### WHAT YOU ARE ASKED TO DO
With the pictures omitted, print exactly the lines below, from the one containing "把 android update、android" through the one containing "muhabiri Kadir …", and nothing else.

(Beginning of DATA EXCERPT)

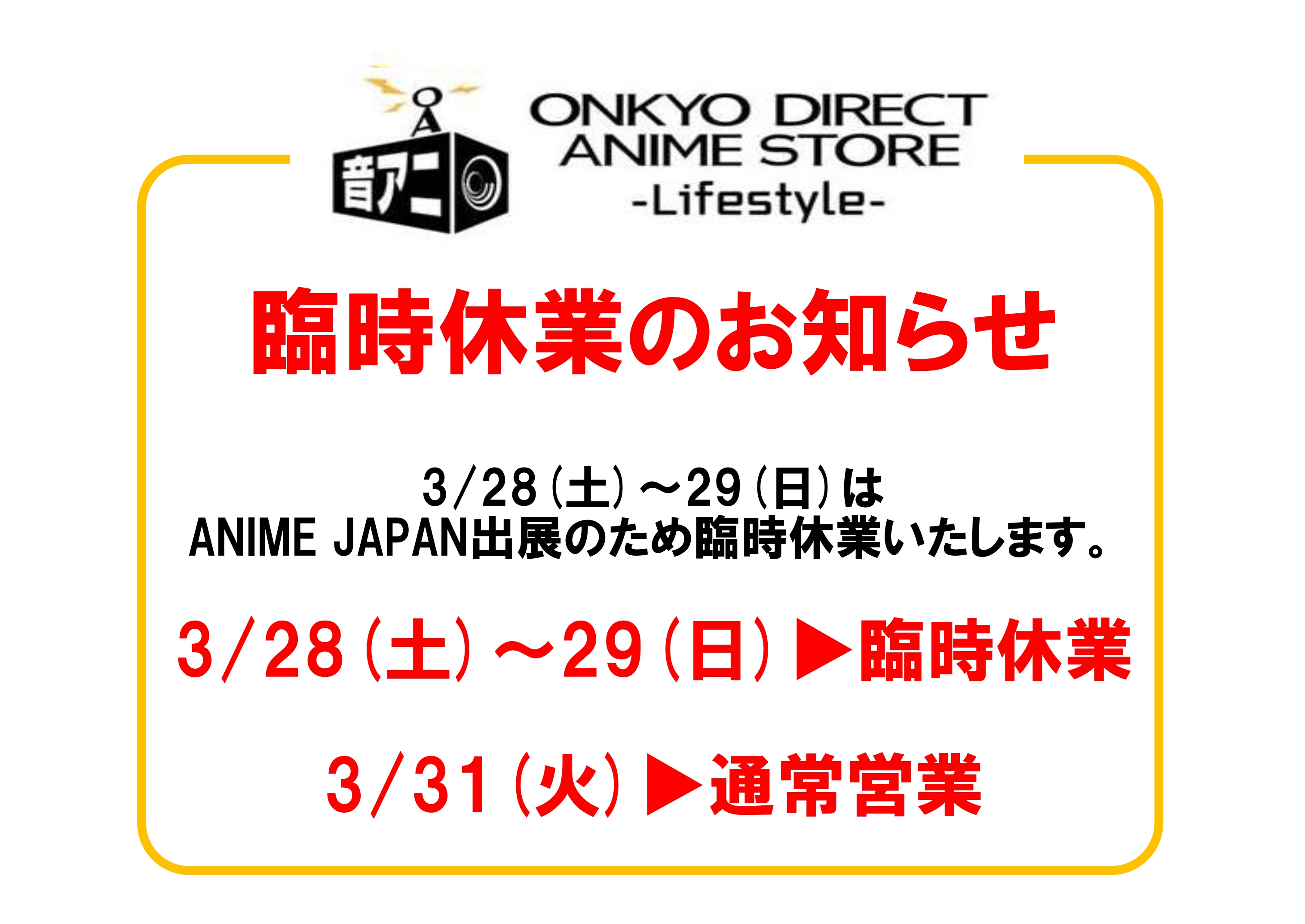 3月28日(土)〜29日(日)AnimeJapan2026出展のため、臨時休業いたします。
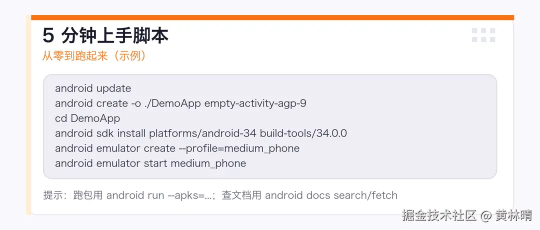 把 android update、android create、android sdk install、android emulator ...、android run 这条链路写进脚本,让任何人/任何 Agent 在新机器上都能"一键跑通"。
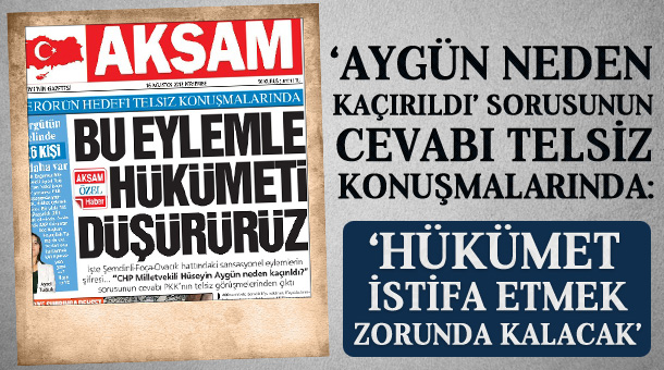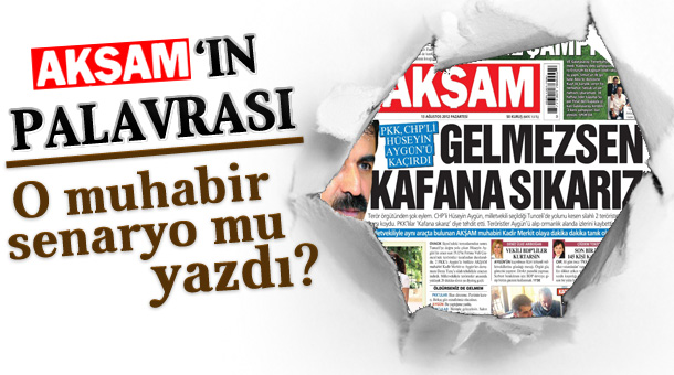 Akşam’ın palavrası! “CHP Milletvekili Hüseyin Aygün’ün kaçırılması” haberini “en geniş ve en canlı” veren Akşam gazetesi idi… Akşam, 13 Ağustos tarihli manşetinde, “Gelmezsen, kafana sıkarız” başlığını kullanıyor ve habere, kendi muhabiri Kadir Merkit’in “izlenim”lerini de ekliyordu… Haberden öğreniyorduk ki; Hüseyin Aygün’ün yanında, danışmanı Deniz Tunç ile birlikte Akşam muhabiri Kadir …
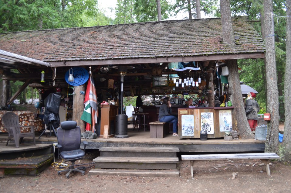 Our destination today was the Toad Rock Motorcycle Campground outside of Balfour on the opposite side of the lake. Due to the location we decide to pick up some beer at one of the BC beer stores in Creston. Walking into the beer store wearing our clown shoe rain covers we quickly figured out what we wanted and left. It’s amazing the difference in selection between BC stores and Alberta. They really need to remove the BS laws and allow more product from other provinces.

(End of DATA EXCERPT)

### TASK OUTPUT
 把 android update、android create、android sdk install、android emulator ...、android run 这条链路写进脚本,让任何人/任何 Agent 在新机器上都能"一键跑通"。
 Akşam’ın palavrası! “CHP Milletvekili Hüseyin Aygün’ün kaçırılması” haberini “en geniş ve en canlı” veren Akşam gazetesi idi… Akşam, 13 Ağustos tarihli manşetinde, “Gelmezsen, kafana sıkarız” başlığını kullanıyor ve habere, kendi muhabiri Kadir Merkit’in “izlenim”lerini de ekliyordu… Haberden öğreniyorduk ki; Hüseyin Aygün’ün yanında, danışmanı Deniz Tunç ile birlikte Akşam muhabiri Kadir …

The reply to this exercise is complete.